Cyprus Finance and Banking

On 8 July the Cyprus parliament approved a package of legislative measures aimed at creating market security, stability and growth, and strengthening the legal framework to deal with non-performing loans.

The principal changes are as follows:

  • The Transfer and Mortgage Law of 1965 has been amended to make it possible, in the case of the sale of one or more of multiple loans secured by the same mortgage, to allocate the mortgage between the loans so that loans are not left unsecured after the sale.
  • The Sale of Credit Facilities and Related Matters Law of 2015 has been amended to provide that no fees on the transfer of property or of a charge are payable by the buyer. In addition, clearer rules have been introduced regarding the outcome of the sale of credit facilities, the transfer rights and obligations, priorities, the continuation of lawsuits and retention of documents.
  • The Insolvency of Natural Persons (Personal Repayment Plans and Debt Relief Orders) Law of 2015 has been amended to simplify procedures and facilitate rehabilitation of debtors who have not committed offences.
  • Amendments to the Companies Law have been made to further facilitate debt restructuring and promote corporate rescue. The moratorium during the tenure of an Examiner ceases if the company does not pay its obligations, and creditors may take measures to enforce their debts.
  • Fees payable to isolvency practioners for successful implementation of a personal restructuring plan have been increased.
  • A new law has been passed creating a framework for debt securitisation under the supervision of the Central Bank of Cyprus. The debtor's obligations and rights do not change with the securitisation of the loan and any security is unaffected. The sale and transfer of the loan to the SPV is final and binding on the transferor, and in the event of the subsequent insolvency of the transferor, there will be no recourse against the transferee.

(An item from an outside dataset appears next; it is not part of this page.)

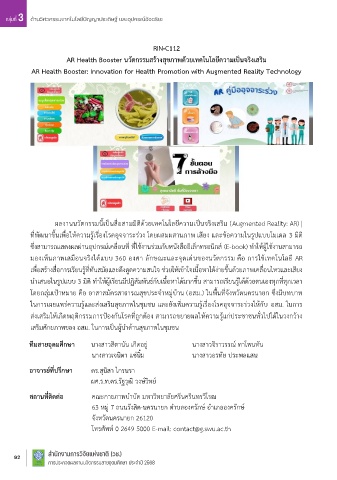 ผลงำนนวัตกรรมนี้เป็นสื่อสำมมิติด้วยเทคโนโลยีควำมเป็นจริงเสริม (Augmented Reality: AR) | กลุ่มเป้ำหมำยคือ นักกฬำ ผู้ปวย และประชำชนทวไป กำรใช้นวตกรรมนช่วยลดควำมเสี่ยงบำดเจ็บซ ำ กระตน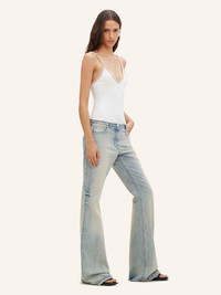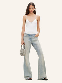 Faded denim bootcut pants with embroidered AC logo on the back pocket. Five pockets. The model is 1m75 tall and wears a size 36. DETAILS Composition: 100% cotton Country of Manufacture: TN SKU: 224DPA221DE00167011 Color: Light Blue

To further facilitate the reduction of non-performing debt, a debt relief programme known as ESTIA regarding principal private residences will come into force at the beginning of 2019. Loans secured on principal private residences with a value of €350,000 or less will be reduced to the market value of the property and extended up to 25 years at a below-market interest rate, with a government subsidy. The scheme is estimated to benefit approximately 15,000 debtors, with total debts of in the order of €3.4 billion. The scheme will be administered by the Cyprus Land Development Corporation and funded by the government over 25 years.

The current exemptions from income tax, capital gains tax, SDC tax, stamp duty and transfer fees for transfers of immovable property from a borrower to the lender in the course of loan have been extended to borrowers who dispose of the property themselves in the open market. Both sets of exemptions will be available until the end of 2019.

The content of this article is intended to provide a general guide to the subject matter. Specialist advice should be sought about your specific circumstances.